For now, investors and analysts are turning a blind eye. I’m skeptical that will last forever.

PANW Stock Isn’t Cheap

Yet even on the basis of those adjusted figures, PANW looks expensive. The stock trades at 36x FY19 consensus earnings per share, again backing out net cash. Free cash flow numbers are better, but excluding share-based comp, the price to free cash flow ratio too seems to be in the 35x+ range.

Both multiple suggests years of steady, consistent growth. Looking backward, that seems possible. But if the overall industry slows, competition improves, or Palo Alto Networks stumbles again, profit increases could slow dramatically. This is a high-leverage basis: impressive revenue growth the past few years has resulted in significant adjusted margin expansion. (Operating margins rose from 7.2% in FY12 to 20.1% in FY17.)
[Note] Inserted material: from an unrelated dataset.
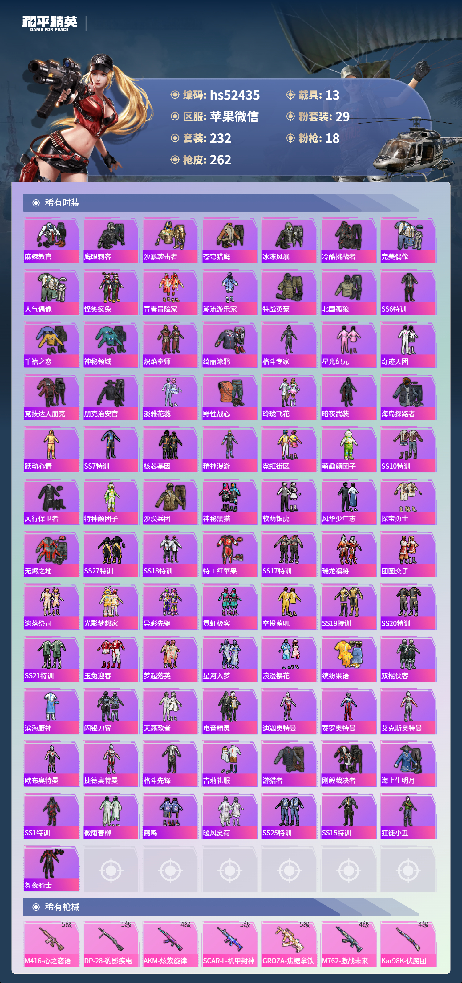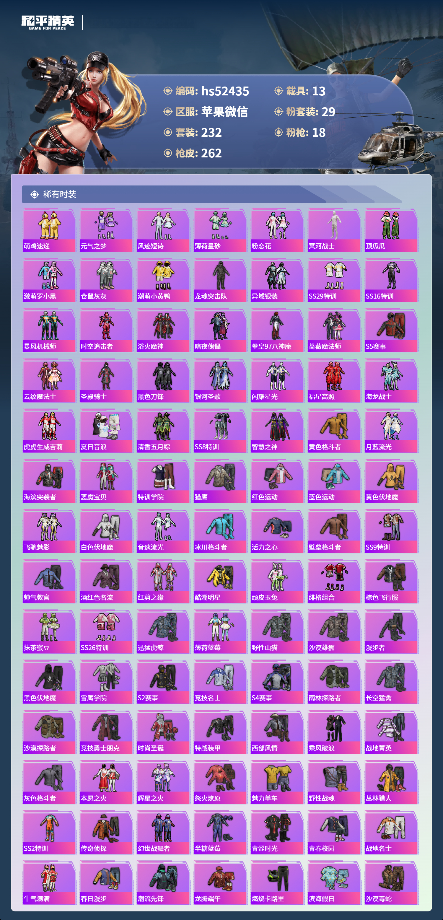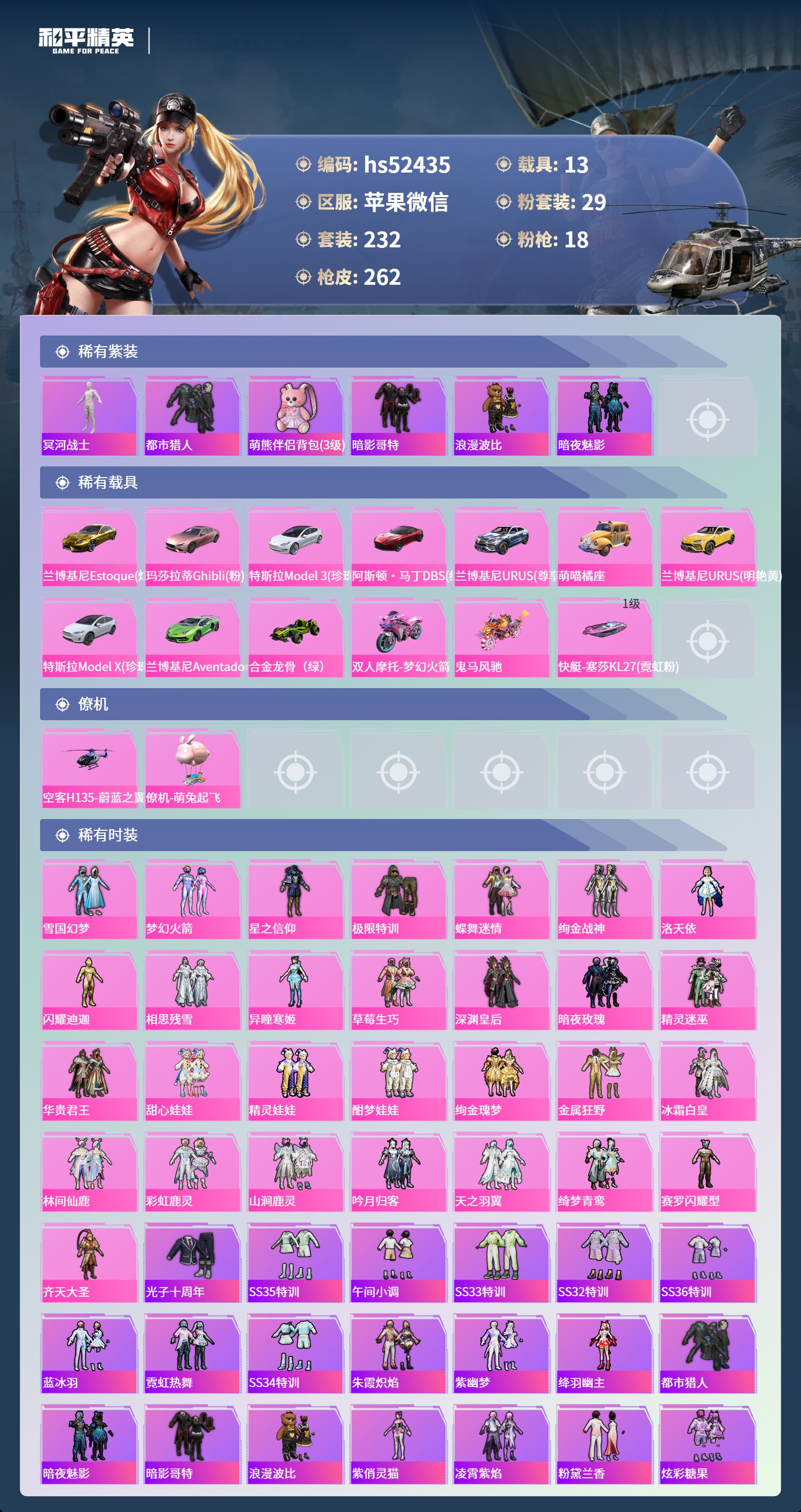 hs52435 苹果微信-10王牌印记-有战神框-29粉装-18特效呛-13载具-热力值-232套装-262呛皮-2卓越印记【29粉装】套装-草莓生巧套装-金属狂野套装-极限特训套装-天之羽翼套装-雪国幻梦套装-蝶舞迷情套装-齐天大圣套装-吟月归客套装-林间仙鹿套装-冰霜白皇角色-异瞳寒姬套装-绚金瑰梦角色-洛天依套装-甜心娃娃套装-绮梦青鸾套装-精灵迷

That expansion won’t come if revenue growth slows down. Something like market-level 8% growth and low double-digit operating income increases aren’t enough at 36x EPS. That doesn’t even include the possibility of the market questioning just how much PANW really needs to dilute its shareholders to drive that growth.

With the stock back at levels that served as resistance earlier this decade, the run in PANW stock may be near an end. Analysts, too, are about the upside, with the average target price on Palo Alto Networks stock suggesting just 5.3% upside.

Again, everything has been going right of late for Palo Alto Networks, and for PANW stock. But that seems about priced in. The risk that something could go wrong does not.

As of this writing, Vince Martin has no positions in any securities mentioned.